刑肆打完高尔夫,经过闻彰明的集团楼下,特地上来小坐,集团的人都认识他,大名鼎鼎的刑大律师,京港律所创始人,业务遍布全球。
让他出名的,不止是他的业务能力,还有神似港星的脸和风流多金的气质。
听人说,这位刑大律师,早些年是画家,一幅画卖几百上千万,年少成名,天才画家。
留学香港读博,中途换了专业,改为学法律,学法那年他已经二十六岁了。
一年内拿下律师从业执照,次年在北京创办自己的律所,三年内登上福布斯财富排行榜,全球第二十五位,身价达到七百亿美元。
相比严肃刻板的闻总,刑大律师是所有人眼里的最佳爹系男友,温柔多金,平易近人,浪漫风情。
奇怪的是,他身边一个女人也没有,就连参加酒会,他也不会带女伴出场,为了防止尴尬,他多次提议当酒会的主持人,免费不收一分钱。
别人打趣他,说他不近女色,是不是信宗教,他也只是把杯中的鸡尾酒一口喝光,笑着岔开话题。
他不想跟任何人分享自己的私生活,更不想被任何人知道,他心里有人,一个还不知道名字就已经让他着迷的女人。

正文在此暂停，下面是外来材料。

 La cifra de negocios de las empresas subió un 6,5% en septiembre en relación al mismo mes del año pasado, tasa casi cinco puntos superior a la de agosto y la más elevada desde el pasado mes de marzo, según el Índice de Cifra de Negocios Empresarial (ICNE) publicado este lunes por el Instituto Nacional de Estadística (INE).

很快,他就会知道她是谁了,上次的擦肩而过,让他高兴了整整半个月。
不管赌马输了赢了,他大手一挥,所有在场的人都有赏金,一人拿着一沓现金出去,场面相当壮观。
“刑律,今儿这是上哪儿玩去了,这么高兴啊。”
阿萨从工位上站起来,跟他点头打招呼,礼貌微笑。
她的工位在闻彰明的办公室门口,是他唯一的秘书,在他身边已经十年了,她年长一岁,今年三十六。
刑肆笑说:“闲着没事挥了两杆。”
“我猜您是跟什么大老板一起去的,说是玩,肯定是谈合作了。”
阿萨调侃他,他就不是会闲着去打高尔夫的主儿,刑律比闻总还要卖力工作,是名副其实的工作狂。
刑肆脸上笑着,态度谦虚:“小买卖,不值一提。”
他出庭,起步价就在百万以上,不是亿为单位的财产纠葛,一般的案子根本不用过他的手,他律所的手下就能把事办好。

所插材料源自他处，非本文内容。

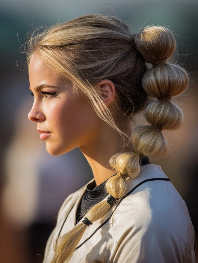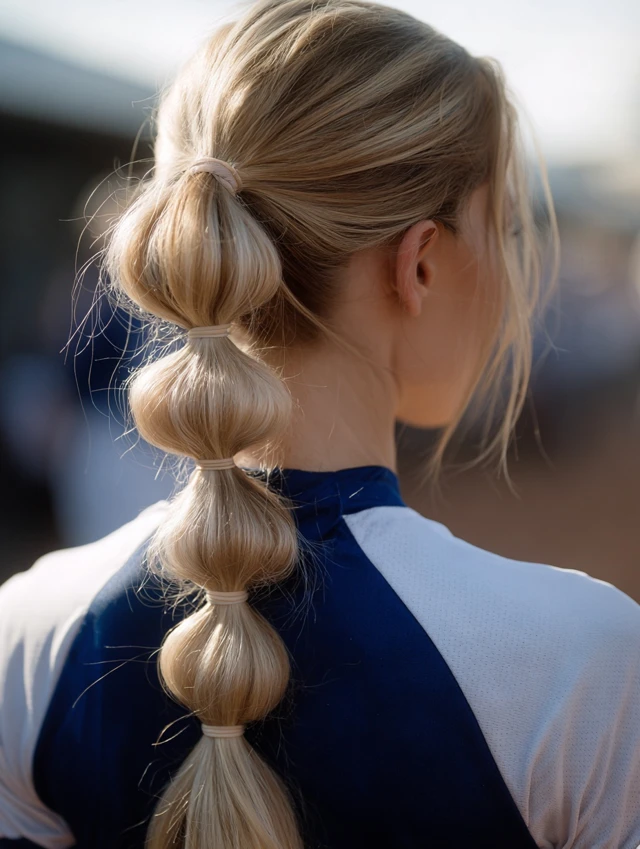 A bubble ponytail uses elastics spaced down the length to prevent tangling. It suits active players who hate hair whipping into their face. Medium to long hair shows the shape best.

“他不在?”刑肆推了下门,门是关着的,他扭头问阿萨。
阿萨刚坐下,又立刻站起来回话,“闻总出去有一会儿了,估计很快就回来了。”
“他去做什么了?”刑肆看一眼手腕上的时间,才下午四点钟,他不在办公室,有点反常。
阿萨如实说:“去见佳士得委托竞买人,昨天日内瓦拍卖会上老板让他点过天灯。”
“是什么好玩意啊,竟然能让他点天灯。”刑肆好奇,闻彰明并不经常参与拍卖行,更别说是点天灯了。
认识这么多年,他这是第一次点天灯。
阿萨摇摇头,表示她也不知道,此次拍卖的事宜都是老板单独跟委托竞买人沟通的。
刑肆表示理解,摆了摆手示意她坐下继续工作,他准备先离开,一转身,电梯门打开,说曹操曹操到。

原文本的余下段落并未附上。